──────── Material to process ────────
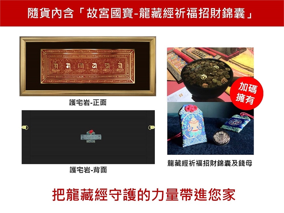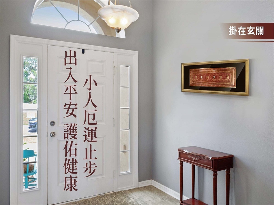 ★將錦囊置放於六字大明咒護宅岩背面,使用彈性束帶將其固定,並默念《六字大明咒》七遍,祈請 龍藏經無上護法庇祐家宅。
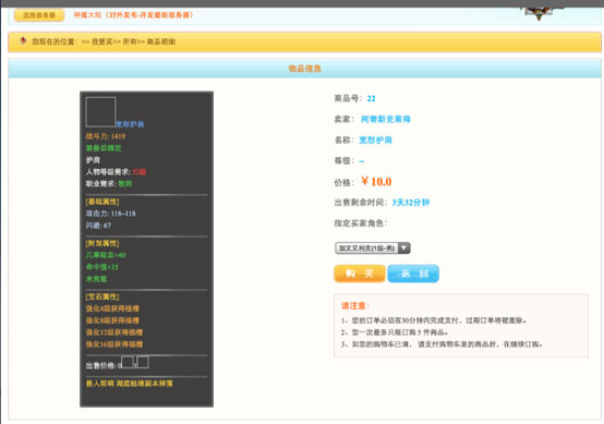 五、选定商品后,点击“购买”按钮,进入装备详细页面。
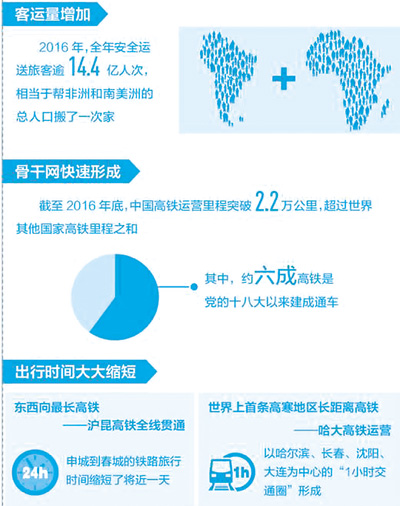 編織一張密度適宜的高鐵網(wǎng)絡(luò),造福盡可能多的民眾。十八大以來(lái),我國(guó)高鐵版圖不斷延伸:2013年7月,穿越江南水鄉(xiāng)的寧杭高鐵開(kāi)通;2014年6月,世界上一次性建成通車?yán)锍套铋L(zhǎng)的高速鐵路蘭新高鐵建成通車;2016年12月,滬昆高鐵全線通車,彩云之南不再“邊緣”。截至2016年底,中國(guó)高鐵運(yùn)營(yíng)里程突破2.2萬(wàn)公里,超過(guò)世界其他國(guó)家高鐵里程之和,除幾條線路外,2004年提出的“四縱四橫”高鐵網(wǎng)已全部建成。根據(jù)2016年7月新修訂的國(guó)家《中長(zhǎng)期鐵路網(wǎng)規(guī)劃》(2016-2030年),預(yù)計(jì)到2020年,全國(guó)高速鐵路將增加到3萬(wàn)公里。今年繼續(xù)保持高鐵網(wǎng)絡(luò)快速建設(shè)勢(shì)頭,就在上月初,寶蘭高鐵通車,將使千年絲路煥發(fā)更加蓬勃的生機(jī)。不久后,我們還將見(jiàn)證張呼客專馳騁于遼闊的大草原,而西成高鐵也將讓千年蜀道不再艱難。
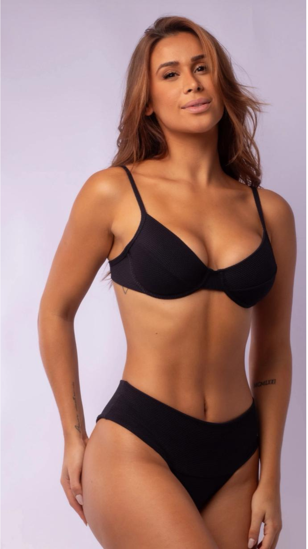 Bikini na cor terracota ou cor preto em tecido colméia top aro.
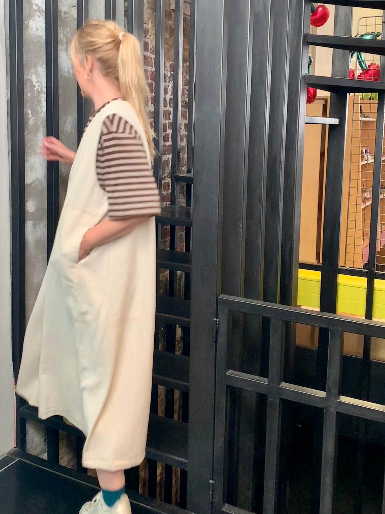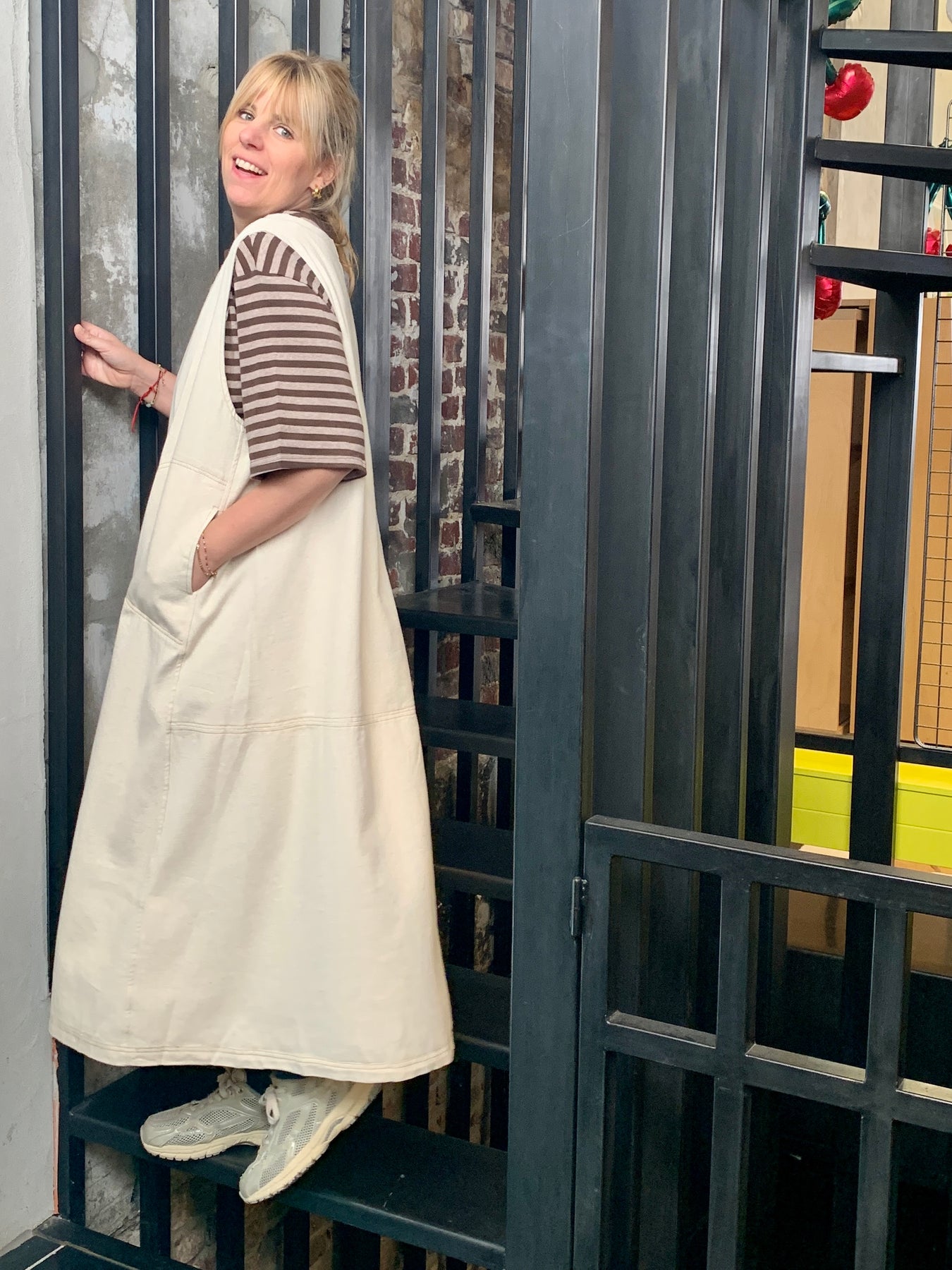 Een jeansjurk die niet schreeuwt, maar gewoon doet waar ze goed in is: comfort, stijl en nonchalant cool combineren. Deze maxi jurk in stevig 100% katoen voelt als thuiskomen op drukke dagen. Losjes, luchtig en met een knipoog naar workwear dankzij de opvallende stiksels en diepe zakken.
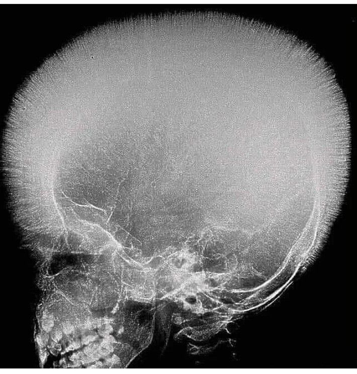 Crew cut/ Hair-on-end' sign is seen in the diploic spaces on the skull radiographs appearing like long, thin vertical striations that resemble hairs standing on ends. Hair-on-end appearance of the skull is a characteristic feature of chronic hemolysis usually seen in patients with thalassemia and sickle cell anemia.
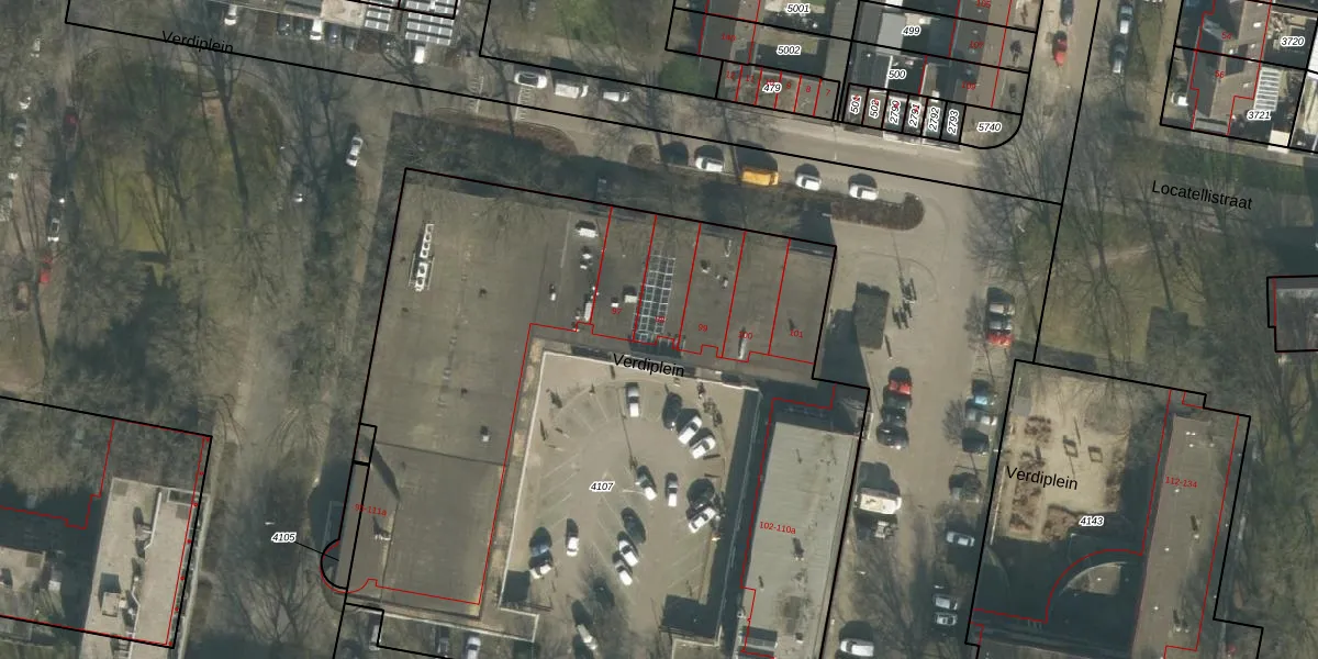 Verdiplein 98 is gelegen op kadastraal perceel TBG01S4107. Deze kadastrale aanduiding is uniek en wordt gebruikt door het Kadaster om eigendomsrechten en andere zakelijke rechten vast te leggen. Het perceel maakt onderdeel uit van de kadastrale gemeente Tilburg.
────────
What to work on.
Where a line contains "Bikini na cor", begin there and set down exactly each line through the end of the data above, omitting any pictures.

Task output.
 Bikini na cor terracota ou cor preto em tecido colméia top aro.
 Een jeansjurk die niet schreeuwt, maar gewoon doet waar ze goed in is: comfort, stijl en nonchalant cool combineren. Deze maxi jurk in stevig 100% katoen voelt als thuiskomen op drukke dagen. Losjes, luchtig en met een knipoog naar workwear dankzij de opvallende stiksels en diepe zakken.
 Crew cut/ Hair-on-end' sign is seen in the diploic spaces on the skull radiographs appearing like long, thin vertical striations that resemble hairs standing on ends. Hair-on-end appearance of the skull is a characteristic feature of chronic hemolysis usually seen in patients with thalassemia and sickle cell anemia.
 Verdiplein 98 is gelegen op kadastraal perceel TBG01S4107. Deze kadastrale aanduiding is uniek en wordt gebruikt door het Kadaster om eigendomsrechten en andere zakelijke rechten vast te leggen. Het perceel maakt onderdeel uit van de kadastrale gemeente Tilburg.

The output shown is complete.